→ **WHAT YOU WILL DO**: Print the lines below from the line with "В завершение праздничного" to the line with "Accurate vehicle type" exactly, keeping both ends, and print no pictures.

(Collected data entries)
BEGIN
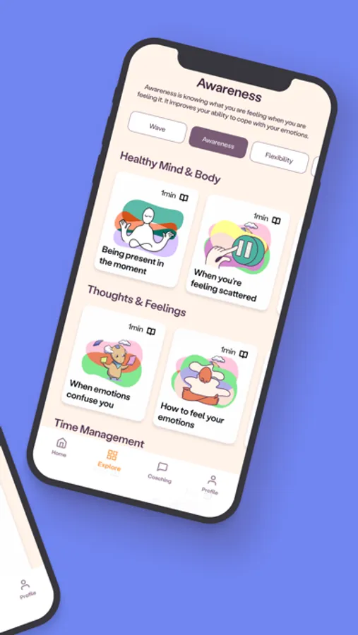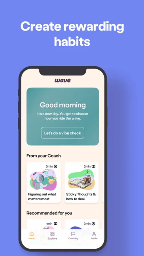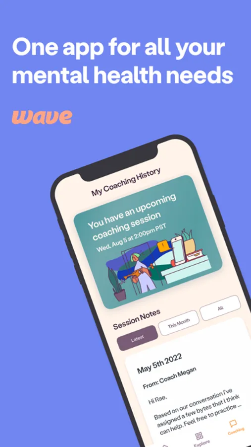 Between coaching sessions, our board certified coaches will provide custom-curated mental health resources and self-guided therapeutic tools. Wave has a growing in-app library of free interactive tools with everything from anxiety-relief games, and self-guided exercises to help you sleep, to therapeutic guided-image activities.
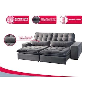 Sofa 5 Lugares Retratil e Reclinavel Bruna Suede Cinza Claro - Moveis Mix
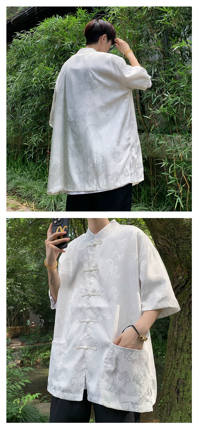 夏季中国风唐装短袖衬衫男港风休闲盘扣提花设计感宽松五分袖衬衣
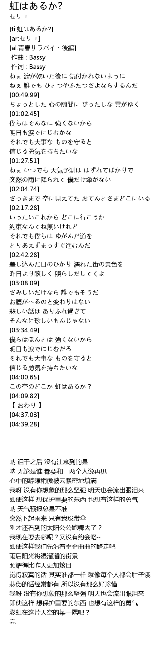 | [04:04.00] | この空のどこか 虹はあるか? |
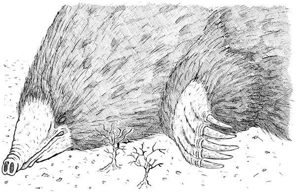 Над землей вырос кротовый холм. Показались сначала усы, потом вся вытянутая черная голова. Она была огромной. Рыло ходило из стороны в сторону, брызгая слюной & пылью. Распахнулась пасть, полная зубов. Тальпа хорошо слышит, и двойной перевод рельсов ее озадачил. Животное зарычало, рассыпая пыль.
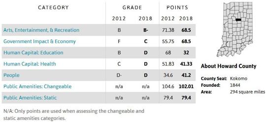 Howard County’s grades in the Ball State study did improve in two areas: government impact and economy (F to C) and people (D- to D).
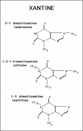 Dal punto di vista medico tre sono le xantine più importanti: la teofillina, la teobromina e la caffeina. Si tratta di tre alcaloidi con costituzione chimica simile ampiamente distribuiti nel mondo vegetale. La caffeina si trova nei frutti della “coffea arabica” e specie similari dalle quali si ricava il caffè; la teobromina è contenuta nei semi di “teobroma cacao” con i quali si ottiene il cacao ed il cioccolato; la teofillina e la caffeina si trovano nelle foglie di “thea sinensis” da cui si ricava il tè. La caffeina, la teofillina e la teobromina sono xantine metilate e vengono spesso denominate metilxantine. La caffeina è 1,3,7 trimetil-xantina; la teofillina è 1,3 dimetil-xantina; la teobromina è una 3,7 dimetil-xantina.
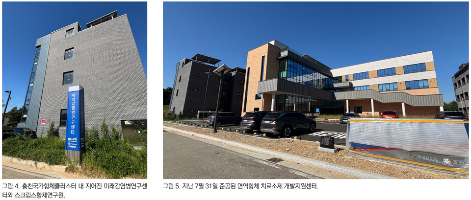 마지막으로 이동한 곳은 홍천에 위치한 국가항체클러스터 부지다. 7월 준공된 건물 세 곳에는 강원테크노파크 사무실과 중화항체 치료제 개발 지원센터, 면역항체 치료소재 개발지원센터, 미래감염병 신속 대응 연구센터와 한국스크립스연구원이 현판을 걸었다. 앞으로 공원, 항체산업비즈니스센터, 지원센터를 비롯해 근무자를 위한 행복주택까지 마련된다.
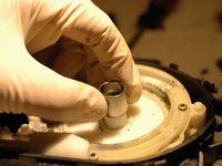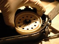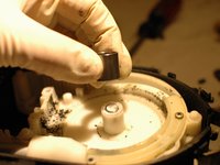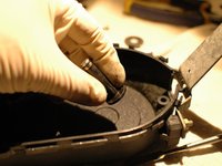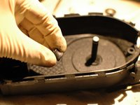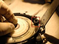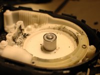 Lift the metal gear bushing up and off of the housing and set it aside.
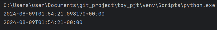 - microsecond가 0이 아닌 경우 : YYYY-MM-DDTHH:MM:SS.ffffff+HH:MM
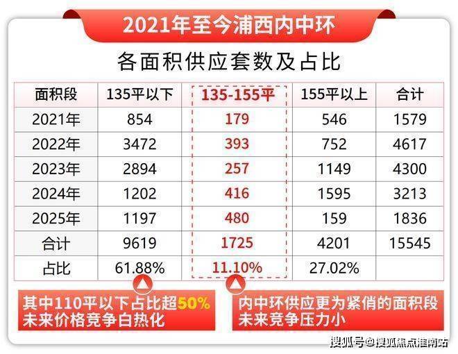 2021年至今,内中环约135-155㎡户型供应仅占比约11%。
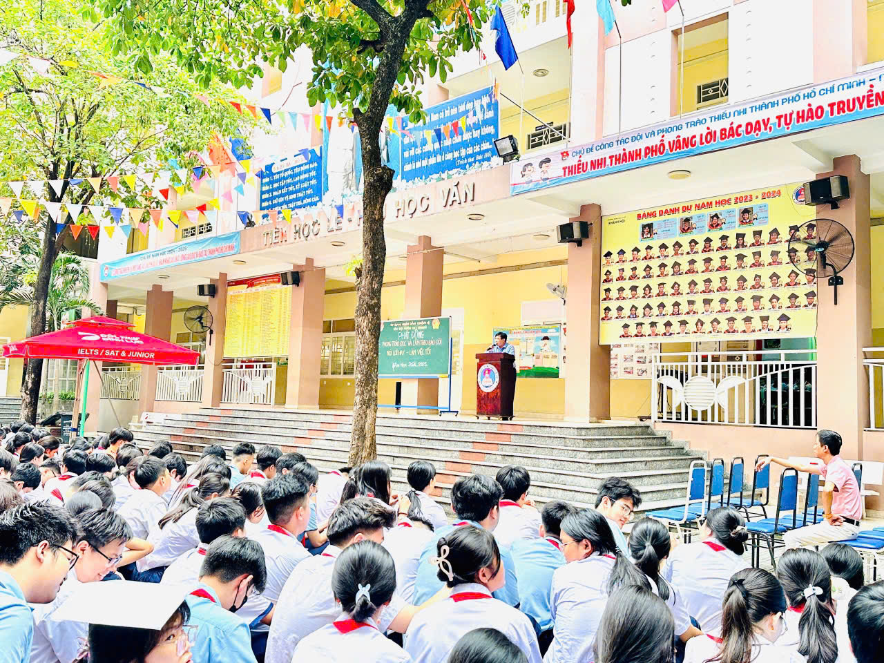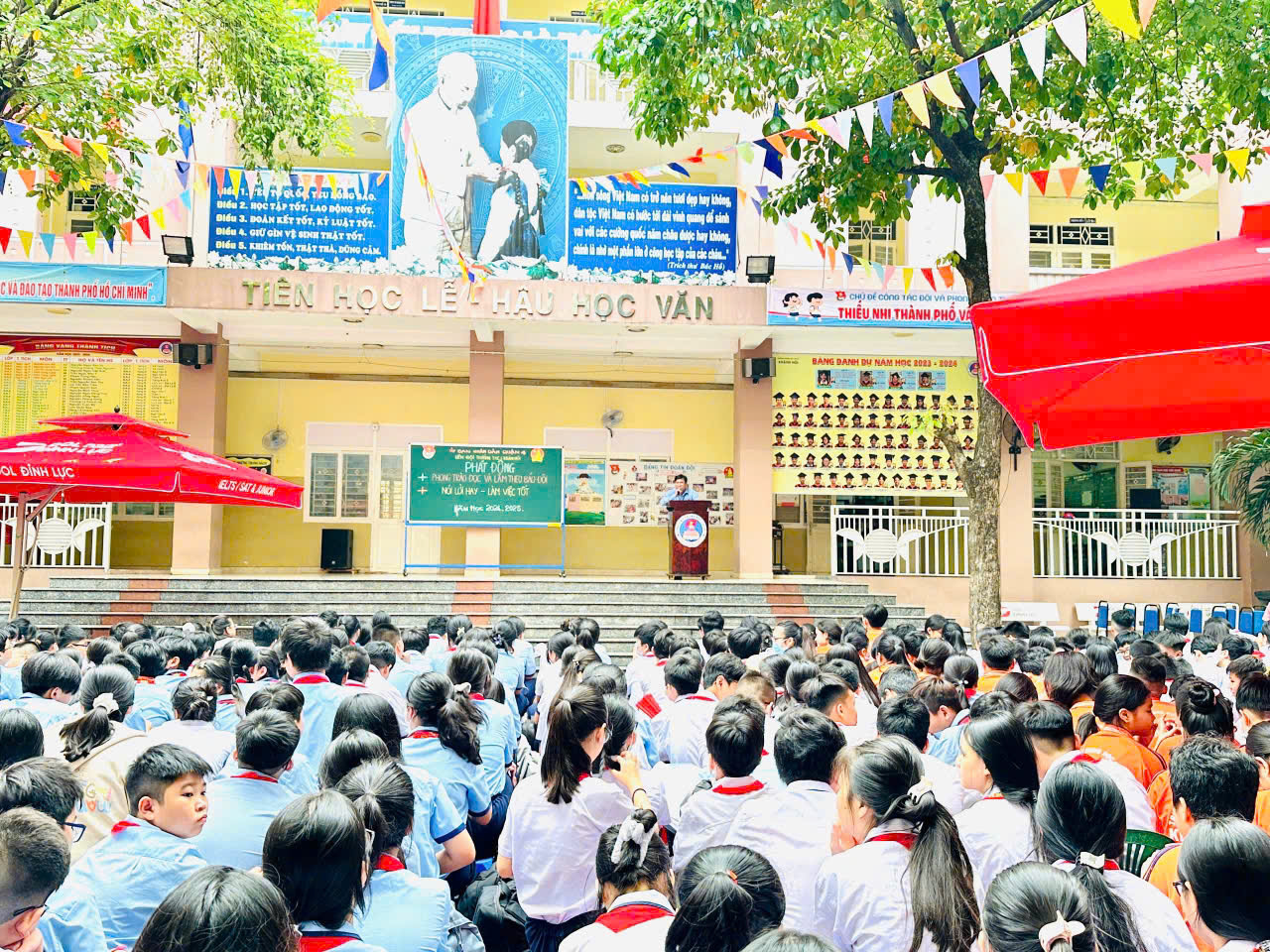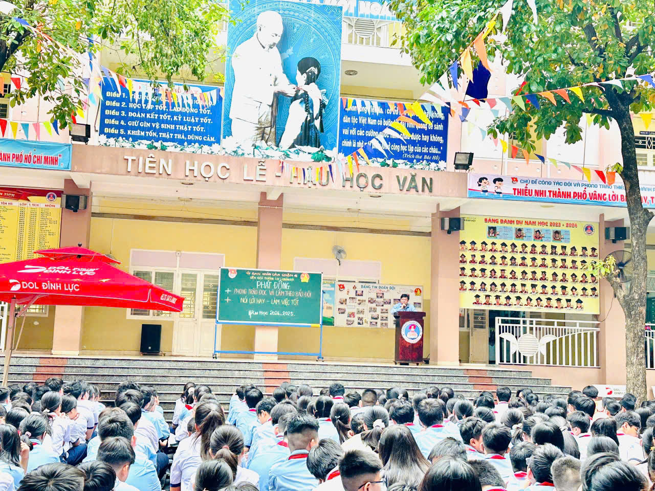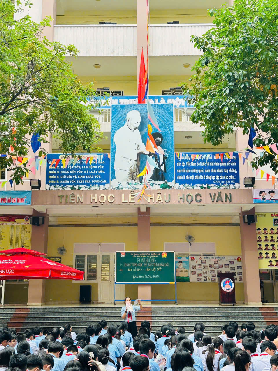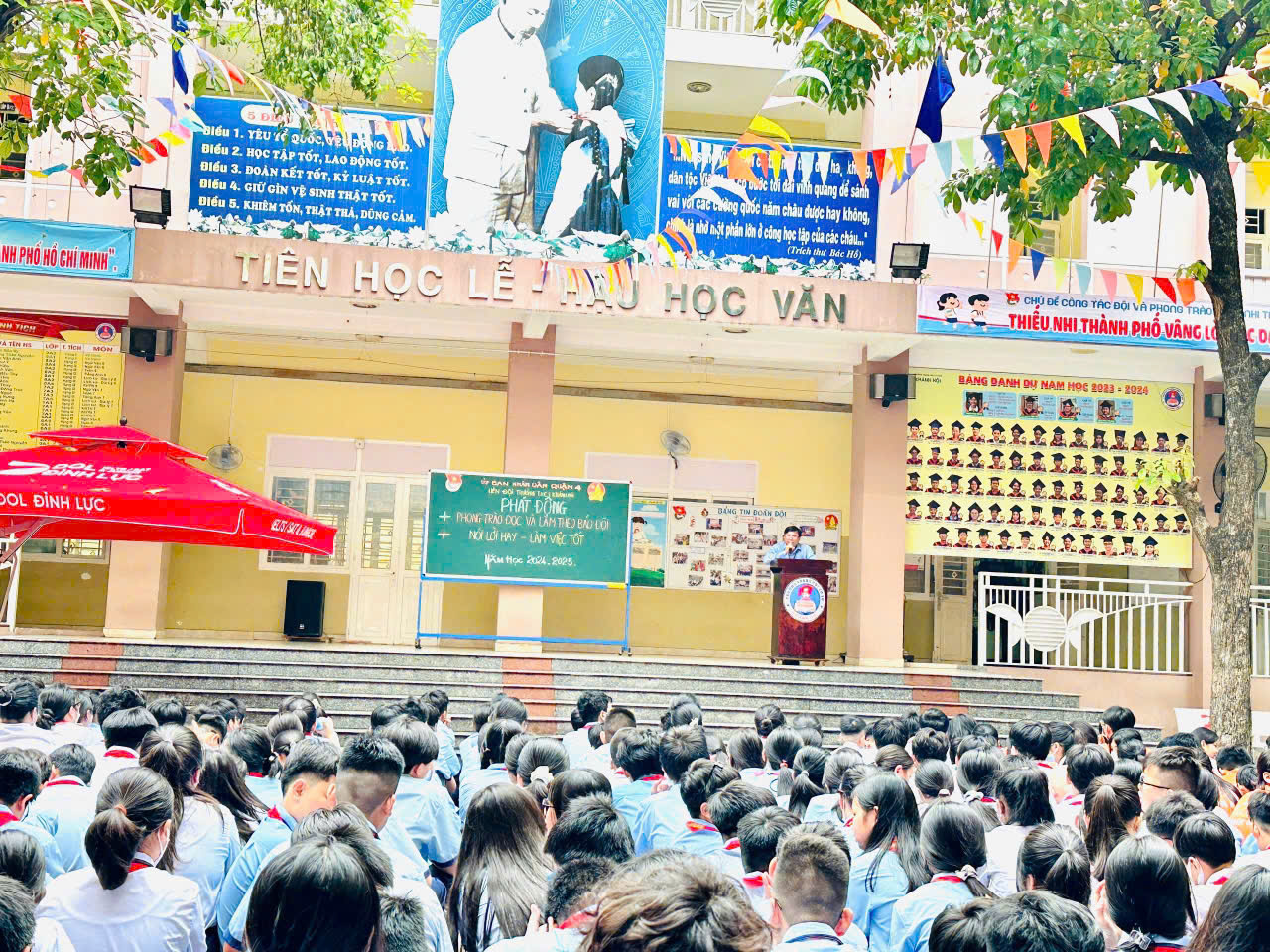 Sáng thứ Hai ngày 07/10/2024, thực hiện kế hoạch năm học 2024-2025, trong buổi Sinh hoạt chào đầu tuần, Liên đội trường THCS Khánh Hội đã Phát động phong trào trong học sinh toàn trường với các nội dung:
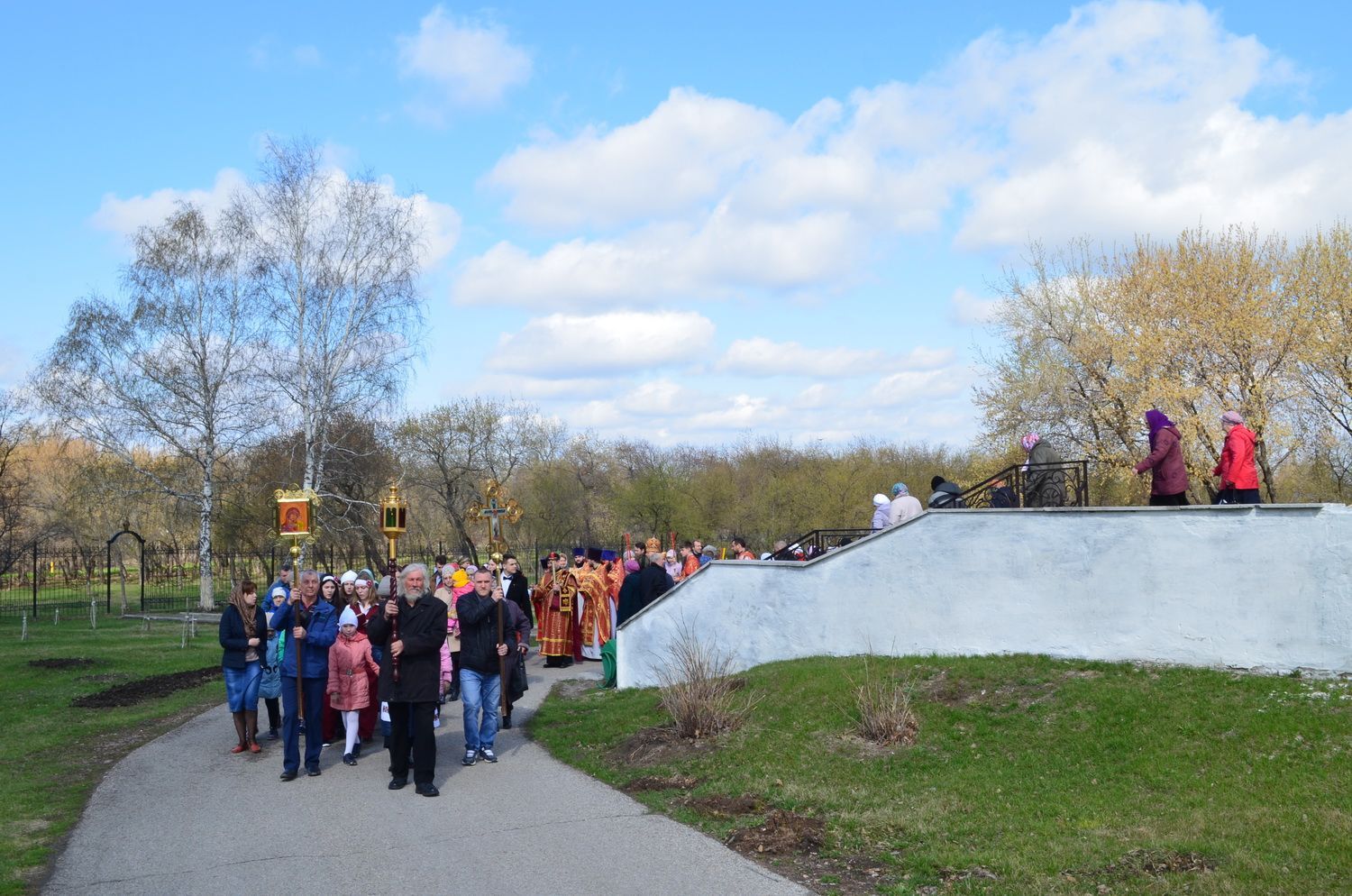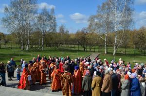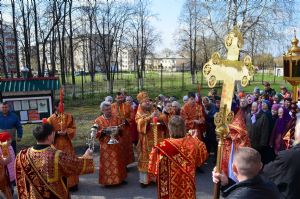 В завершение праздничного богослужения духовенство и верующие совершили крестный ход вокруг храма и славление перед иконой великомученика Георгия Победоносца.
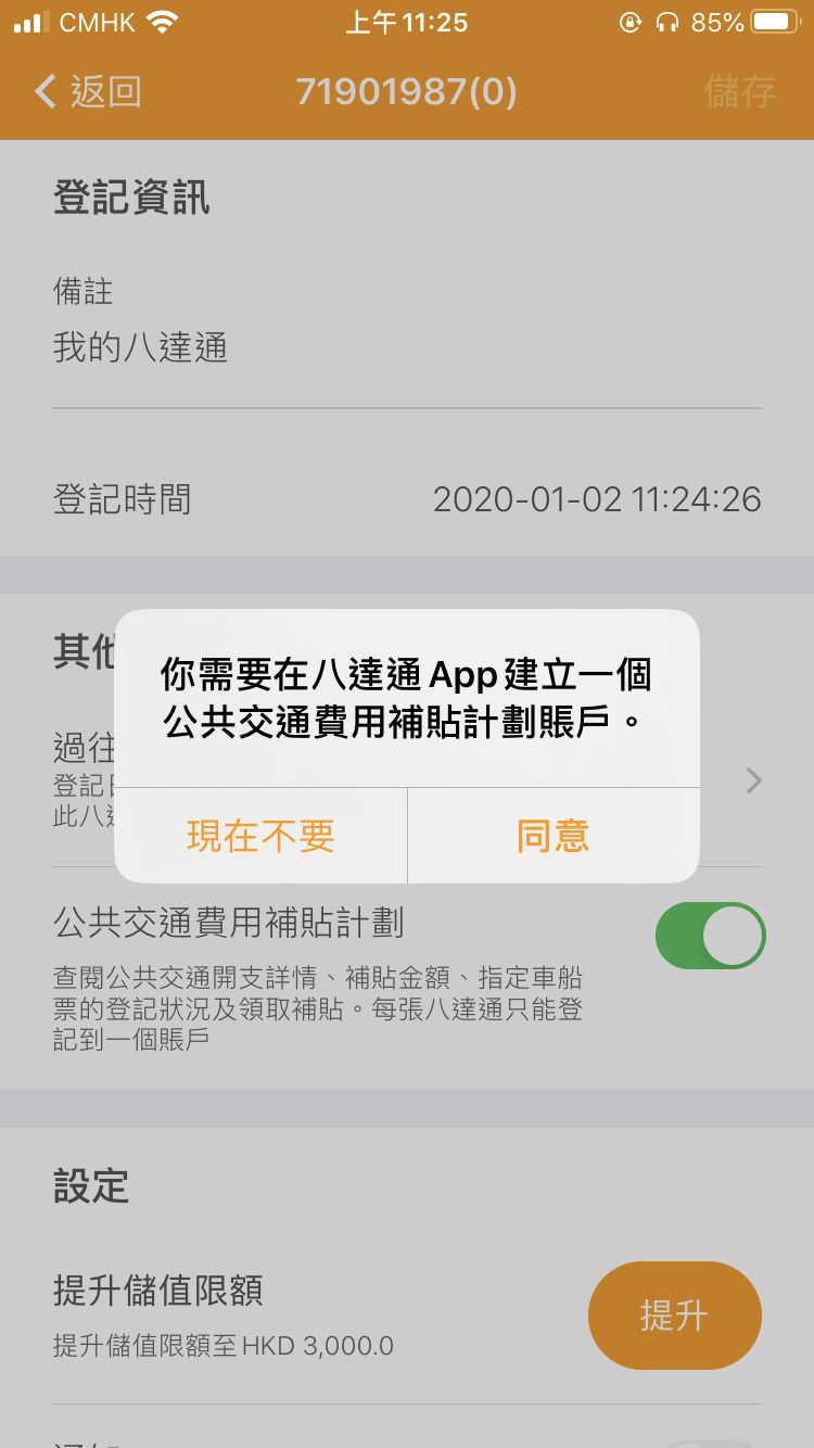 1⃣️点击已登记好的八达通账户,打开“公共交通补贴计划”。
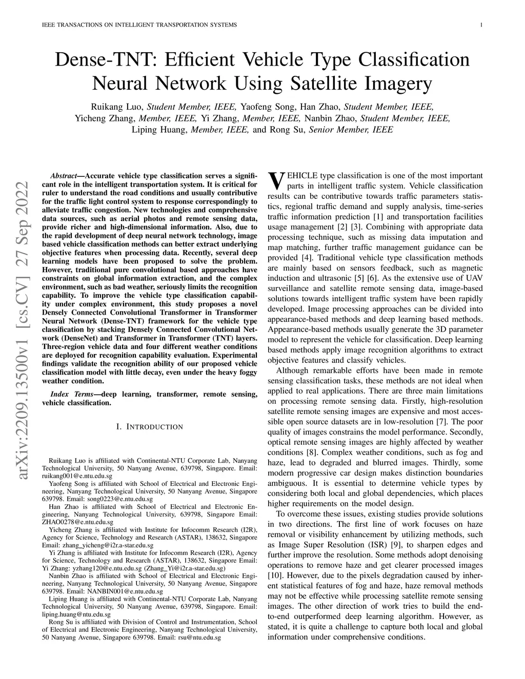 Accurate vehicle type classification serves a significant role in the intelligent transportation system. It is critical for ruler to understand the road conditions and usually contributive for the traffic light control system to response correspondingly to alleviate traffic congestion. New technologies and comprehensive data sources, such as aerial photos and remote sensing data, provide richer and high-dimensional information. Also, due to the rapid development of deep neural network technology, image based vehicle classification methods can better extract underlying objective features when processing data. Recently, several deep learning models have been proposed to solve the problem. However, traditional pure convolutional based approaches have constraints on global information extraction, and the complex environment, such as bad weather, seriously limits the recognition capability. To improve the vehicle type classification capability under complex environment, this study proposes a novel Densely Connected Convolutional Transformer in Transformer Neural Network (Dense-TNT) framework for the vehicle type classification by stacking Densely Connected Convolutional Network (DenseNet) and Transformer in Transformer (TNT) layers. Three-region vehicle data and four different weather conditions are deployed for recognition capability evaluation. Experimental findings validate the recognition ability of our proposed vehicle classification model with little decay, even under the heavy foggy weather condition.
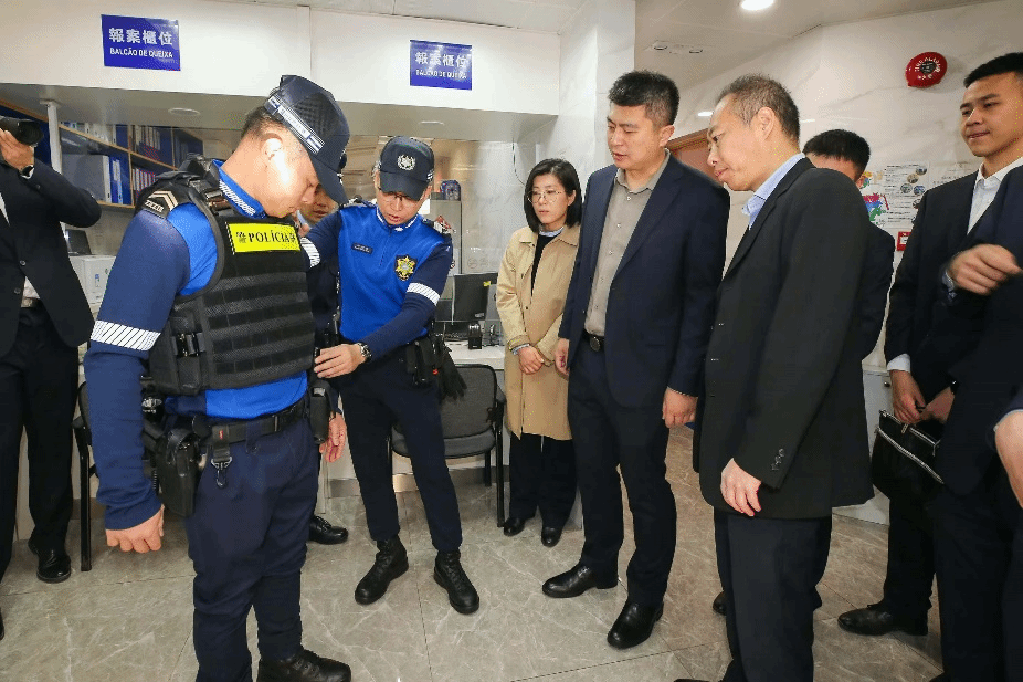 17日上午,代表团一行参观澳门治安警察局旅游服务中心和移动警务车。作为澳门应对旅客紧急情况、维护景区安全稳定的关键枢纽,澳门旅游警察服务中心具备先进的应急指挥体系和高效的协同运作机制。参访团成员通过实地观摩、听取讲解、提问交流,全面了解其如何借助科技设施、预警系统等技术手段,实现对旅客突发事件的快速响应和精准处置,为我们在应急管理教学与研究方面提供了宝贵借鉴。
END
→ **RESULT BELOW**:
 В завершение праздничного богослужения духовенство и верующие совершили крестный ход вокруг храма и славление перед иконой великомученика Георгия Победоносца.
 1⃣️点击已登记好的八达通账户,打开“公共交通补贴计划”。
 Accurate vehicle type classification serves a significant role in the intelligent transportation system. It is critical for ruler to understand the road conditions and usually contributive for the traffic light control system to response correspondingly to alleviate traffic congestion. New technologies and comprehensive data sources, such as aerial photos and remote sensing data, provide richer and high-dimensional information. Also, due to the rapid development of deep neural network technology, image based vehicle classification methods can better extract underlying objective features when processing data. Recently, several deep learning models have been proposed to solve the problem. However, traditional pure convolutional based approaches have constraints on global information extraction, and the complex environment, such as bad weather, seriously limits the recognition capability. To improve the vehicle type classification capability under complex environment, this study proposes a novel Densely Connected Convolutional Transformer in Transformer Neural Network (Dense-TNT) framework for the vehicle type classification by stacking Densely Connected Convolutional Network (DenseNet) and Transformer in Transformer (TNT) layers. Three-region vehicle data and four different weather conditions are deployed for recognition capability evaluation. Experimental findings validate the recognition ability of our proposed vehicle classification model with little decay, even under the heavy foggy weather condition.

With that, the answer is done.